Make an exact copy of the entries that come next.

*** Dataset records Section Begins ***

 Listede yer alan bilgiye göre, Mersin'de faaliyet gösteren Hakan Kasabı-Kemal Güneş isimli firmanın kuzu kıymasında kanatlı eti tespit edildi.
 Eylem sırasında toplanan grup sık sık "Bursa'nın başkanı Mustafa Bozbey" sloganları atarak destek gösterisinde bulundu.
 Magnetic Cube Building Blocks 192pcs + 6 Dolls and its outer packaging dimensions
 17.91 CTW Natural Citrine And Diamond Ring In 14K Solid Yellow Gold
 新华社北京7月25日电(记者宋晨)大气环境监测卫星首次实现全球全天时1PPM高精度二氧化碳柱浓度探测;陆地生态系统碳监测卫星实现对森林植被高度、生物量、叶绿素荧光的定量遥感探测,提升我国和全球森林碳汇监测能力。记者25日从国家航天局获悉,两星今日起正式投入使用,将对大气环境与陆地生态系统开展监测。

*** Dataset records Section Ends ***

▸ **Answer section**:
 Listede yer alan bilgiye göre, Mersin'de faaliyet gösteren Hakan Kasabı-Kemal Güneş isimli firmanın kuzu kıymasında kanatlı eti tespit edildi.
 Eylem sırasında toplanan grup sık sık "Bursa'nın başkanı Mustafa Bozbey" sloganları atarak destek gösterisinde bulundu.
 Magnetic Cube Building Blocks 192pcs + 6 Dolls and its outer packaging dimensions
 17.91 CTW Natural Citrine And Diamond Ring In 14K Solid Yellow Gold
 新华社北京7月25日电(记者宋晨)大气环境监测卫星首次实现全球全天时1PPM高精度二氧化碳柱浓度探测;陆地生态系统碳监测卫星实现对森林植被高度、生物量、叶绿素荧光的定量遥感探测,提升我国和全球森林碳汇监测能力。记者25日从国家航天局获悉,两星今日起正式投入使用,将对大气环境与陆地生态系统开展监测。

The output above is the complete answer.